Compliance costs disputed

But, according to ENVIRON International Corporation, API’s contractor, the Tier II standards would reduce peak monthly 24-hour PM-2.5 concentrations by no more than 0.2 micrograms per cubic meter (µg/m3). This compares to the 5.8µg/m3 reductions in summertime monthly maximum 24-hour PM-2.5 concentrations expected as a direct result of the transition from the Tier I to the Tier II standards.

Estimates of per gallon manufacturing cost increases resulting from the proposed Tier III standards vary considerably.  The EPA puts the figure at about 1 cent per gallon, while industry says it will be closer to 6 to 9 cents per gallon.  But that is only part of the problem for the API.

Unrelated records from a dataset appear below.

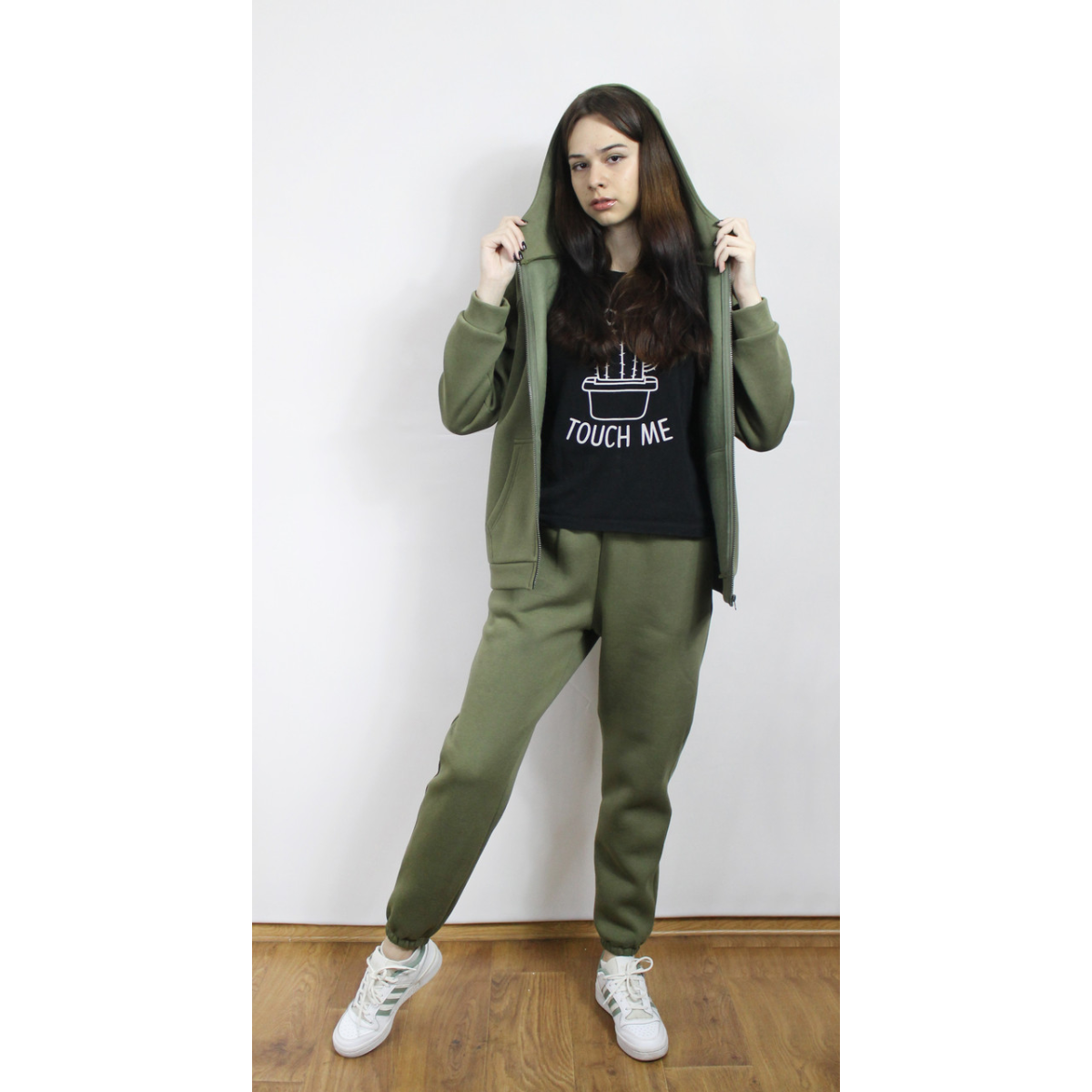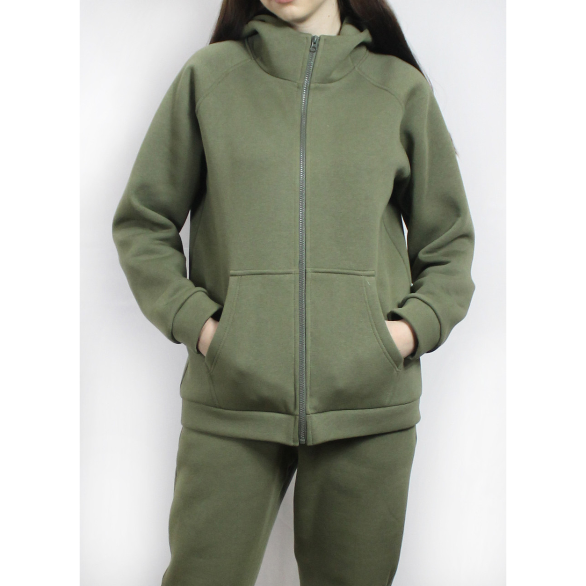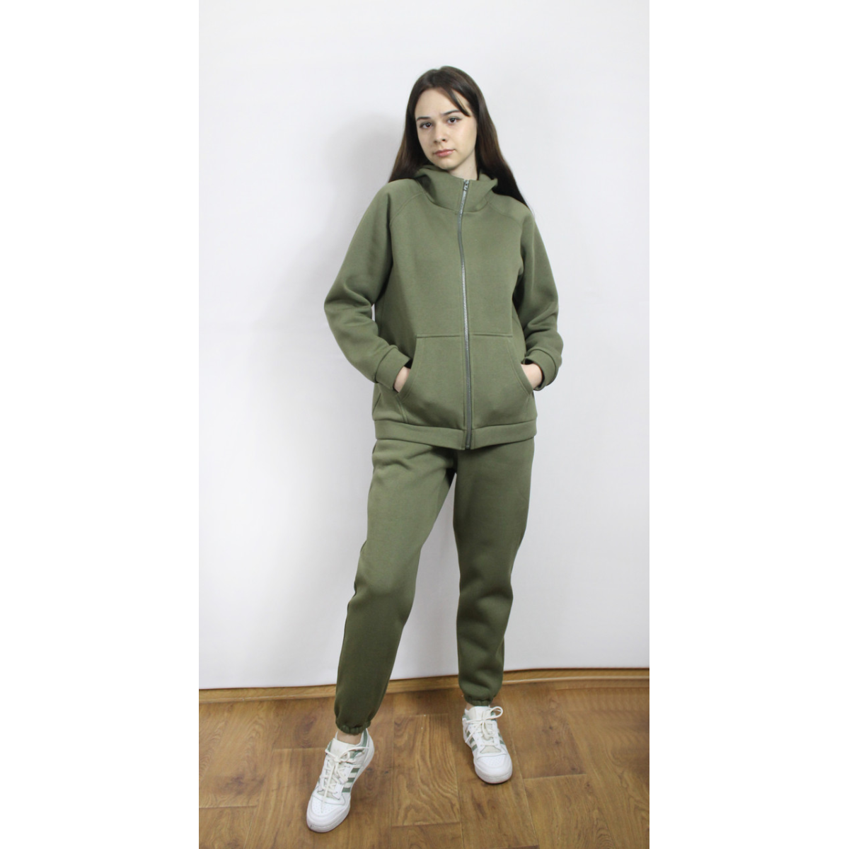 Костюм жіночий теплий спортивний на флісі кофта на змійці Хакі, 46/48
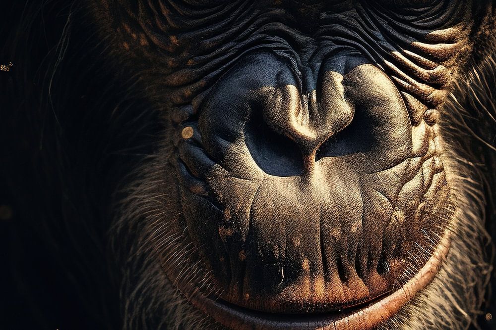 Intensiver Blick - Das Gemälde zeigt eine Nahaufnahme eines Schimpansen mit durchdringendem Blick, der in ein subtiles Licht getaucht ist, das seine ausdrucksstarken Gesichtszüge und die Struktur seines Fells hervorhebt. Die Brauntöne und das goldene Licht schaffen eine warme Atmosphäre, während der dunkle Hintergrund das Motiv hervorhebt und ein Gefühl von Tiefe vermittelt.
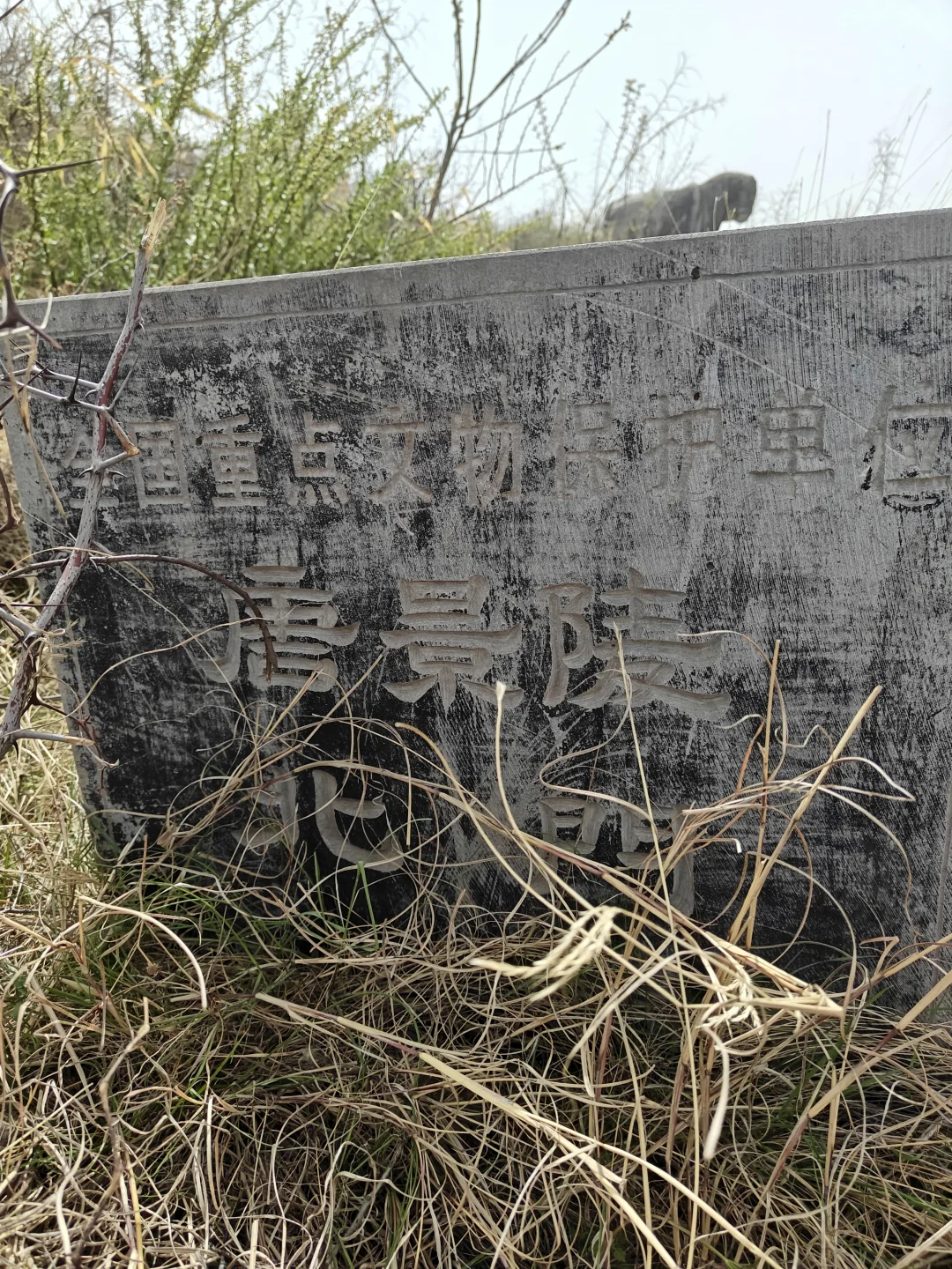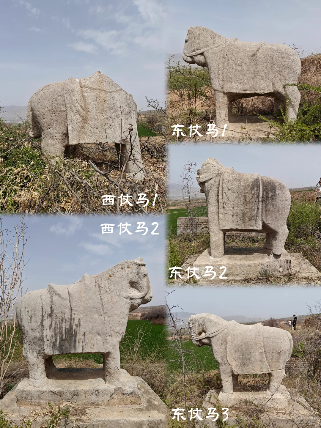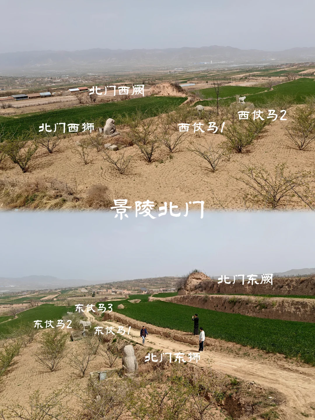 景陵北门,东、西两狮均倒地。东侧三仗马无一全者,西侧仗马仅有一匹幸存,仍伫立在田间其他两匹均已残破,五匹仗马残骸中都有马倌的残骸,东侧南二仗马碎石中马倌较为完整。仗马以北尚有四只小虎,最北两只为走虎,靠近玄武门两只为蹲虎(西侧小蹲虎无面),位置均已移动。
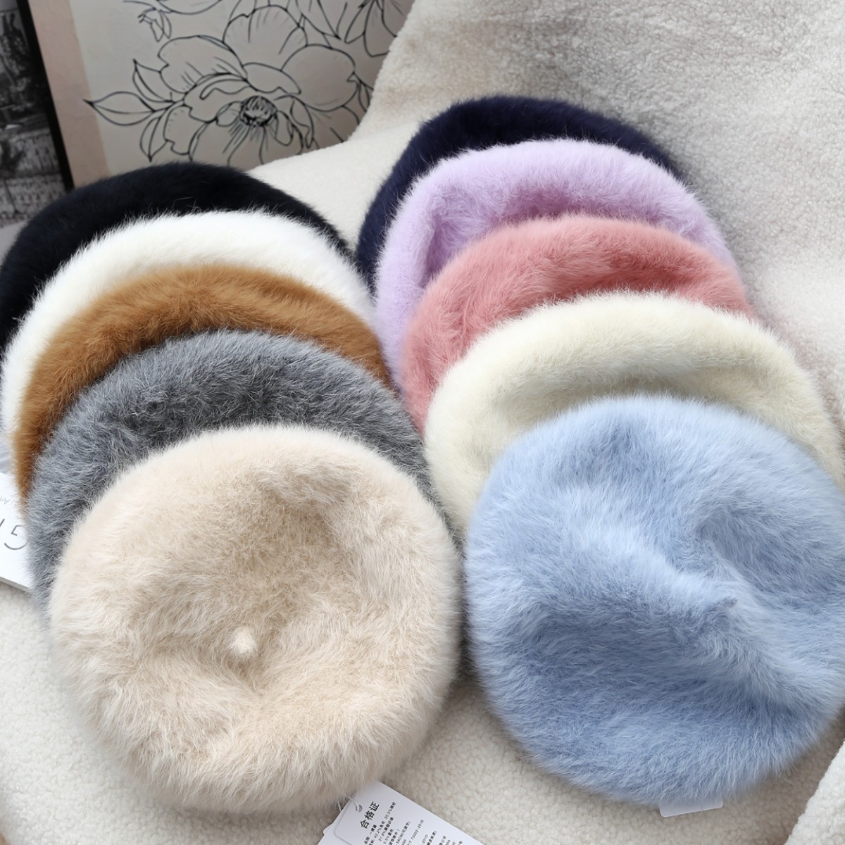 ウサギ毛のベレー帽、女性用マカロンカラー無地の毛糸ニット画家帽、秋冬の和風ベルベットベレー帽

“Tier 3 is just one of several ill-conceived EPA regulations that would adversely impact refineries and could hurt consumers,” said Howard Feldman, API’s director of regulatory and scientific affairs, at a press briefing.  Citing another study, Feldman says a possible vapor pressure reduction requirement could increase refinery costs as much as 25 cents per gallon when combined with the new Tier III rules. 

“Then there are other refinery regulations on the horizon, such as the refinery sector rule, new ozone NAAQS requirements, and greenhouse gas controls for refineries,” added Feldman.  “Together these rules could not only put upward pressure on energy prices, they also could severely discourage business expansion and new development and deprive the nation of much-needed new jobs.”

Americans in favor?  

Supporters of the proposal point to a January 2013 poll of 800 registered voters commissioned by the American Lung Association (ALA).  A 2-to-1 majority (62 percent to 32 percent) support EPA setting stricter standards on gasoline and tightening limits on tailpipe emissions from new vehicles, reported the ALA, and only 17 percent of voters believe the EPA is exceeding its legal mandate to ensure air quality.